Unfortunately they get fodder from the Rosedale's of the world, feeding them such nuggets as ALL glucose spikes (above their already high LC levels???) are DEADLY. Of course Rosedale also tells me in his latest offering at Jimmy's that I should be suspicious of Oxygen and probably not breath, so it's getting easier to ignore him.

CarbSane said…
Hi Diana, I linked to my discussion with Rosedale and I think you'll see that a goodly contingent at PH is not on board with this. I've actually been quite surprised by how many folks there are relatively high carb. So let's not paint them as glucophobes!

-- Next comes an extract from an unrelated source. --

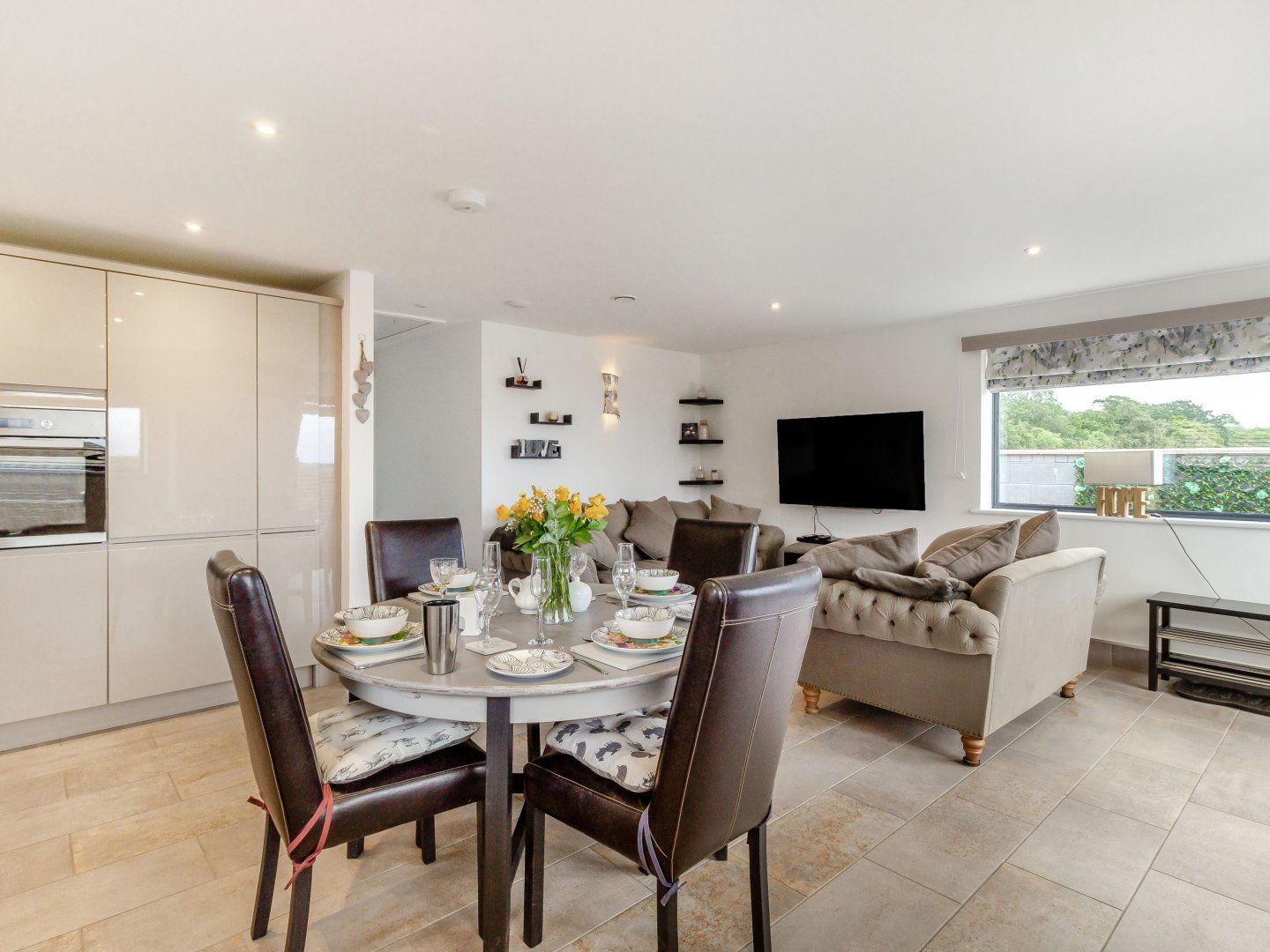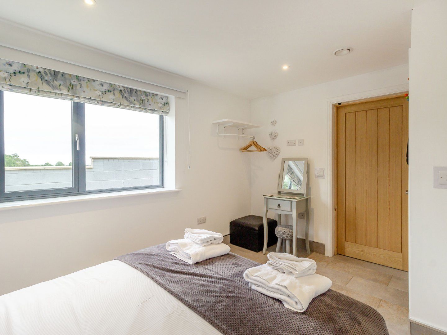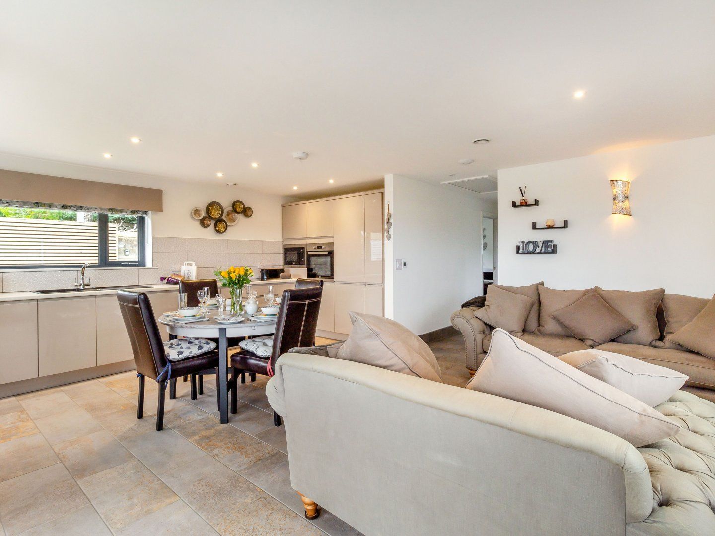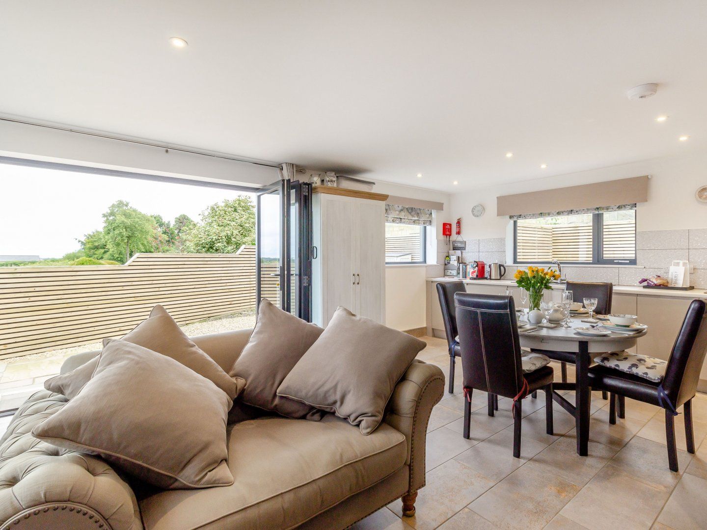 Accomodation Details All-ground-floor. Mechanical ventilation and heat recovery system - the air filtration system pumps constant fresh filtered air. 2 x king-size double beds (6’6” long), hair dryer, black-out blinds, wall hung reading lights and also sockets above bedside table for lap-top, smart phone, Kindle. En-suite with walk-in large quadrant shower, wall hung basin and WC, back-lit mirror, shaving sockets in both en-suites. Open-plan living room with kitchen, dining area and sitting area

What is interesting is that when I did IF back in 09, I saw my FBG's slowly rise. Nothing horrible, but a few times I hit 110. But most of the day I'd be in the 70's and 80's. One of my highest ever BG's was after a vigorous 30 min bike ride (feeling great!) at around 3pm w/last food around 8pm the night before. I was in the low 70's before and as memory serves was somewhere like 126 after. Yikes!! Now that's a glucose "spike" LOL.

I have a study somewhere in young nurses from back in the 30's (or 50's -- it was an odd decade leading number) and that was the first evidence I had that we're blowing this way out of proportion in many cases.